#### Work to be completed:
The output must start at the line containing "이정식 고용노동부 장관" in the records below and stop at the last line, matching each line exactly and leaving out every picture.

++++ Input data

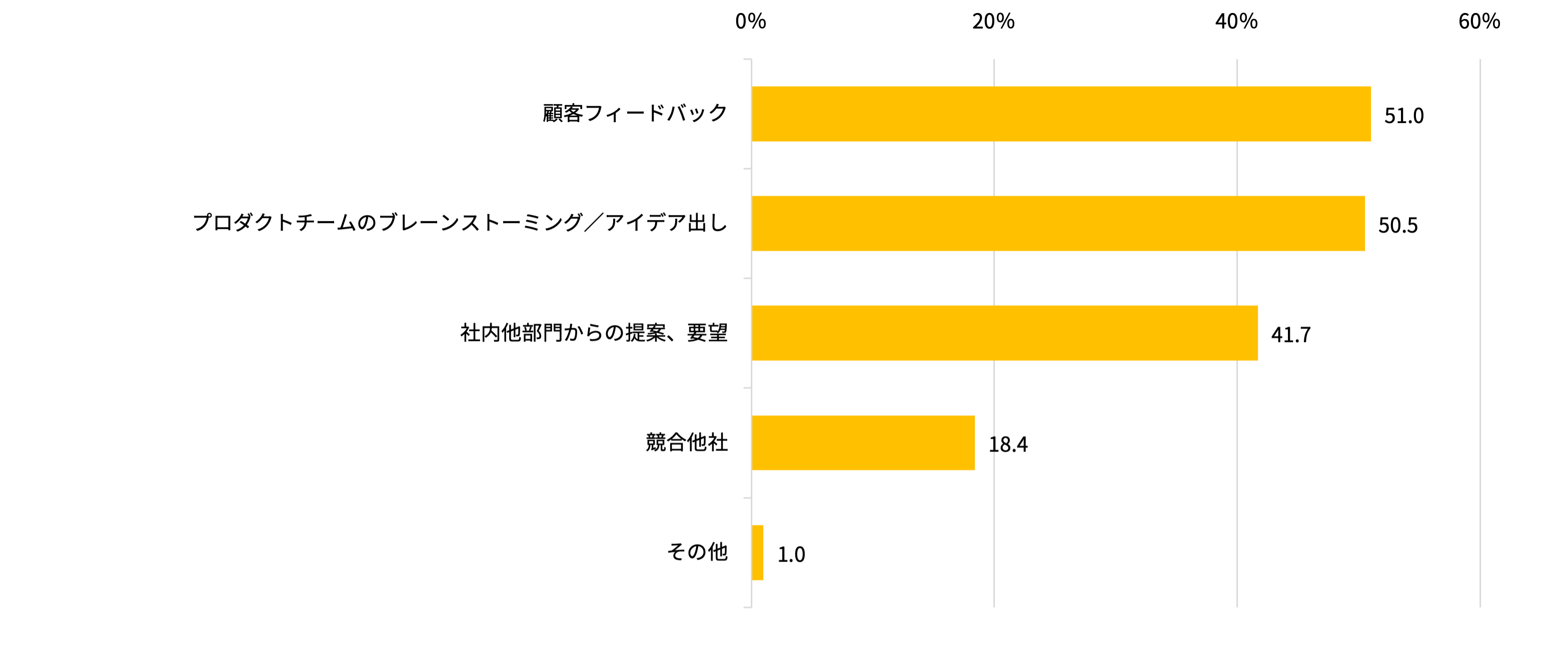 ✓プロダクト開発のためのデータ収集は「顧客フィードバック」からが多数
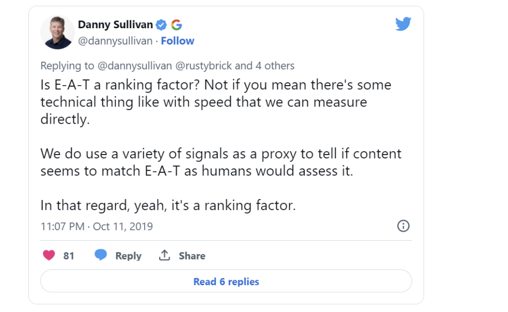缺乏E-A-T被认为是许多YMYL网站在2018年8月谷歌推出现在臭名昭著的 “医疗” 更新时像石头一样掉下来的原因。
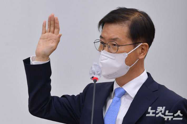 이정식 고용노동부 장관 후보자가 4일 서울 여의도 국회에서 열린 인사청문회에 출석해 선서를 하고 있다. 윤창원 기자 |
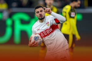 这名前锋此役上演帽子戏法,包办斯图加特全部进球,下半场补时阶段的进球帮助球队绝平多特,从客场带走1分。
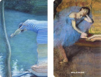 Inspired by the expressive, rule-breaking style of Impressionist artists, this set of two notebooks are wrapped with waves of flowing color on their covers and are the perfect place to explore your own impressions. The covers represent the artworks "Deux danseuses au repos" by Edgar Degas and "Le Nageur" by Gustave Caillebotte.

++++++++

#### Exercise response:
 이정식 고용노동부 장관 후보자가 4일 서울 여의도 국회에서 열린 인사청문회에 출석해 선서를 하고 있다. 윤창원 기자 |
 这名前锋此役上演帽子戏法,包办斯图加特全部进球,下半场补时阶段的进球帮助球队绝平多特,从客场带走1分。
 Inspired by the expressive, rule-breaking style of Impressionist artists, this set of two notebooks are wrapped with waves of flowing color on their covers and are the perfect place to explore your own impressions. The covers represent the artworks "Deux danseuses au repos" by Edgar Degas and "Le Nageur" by Gustave Caillebotte.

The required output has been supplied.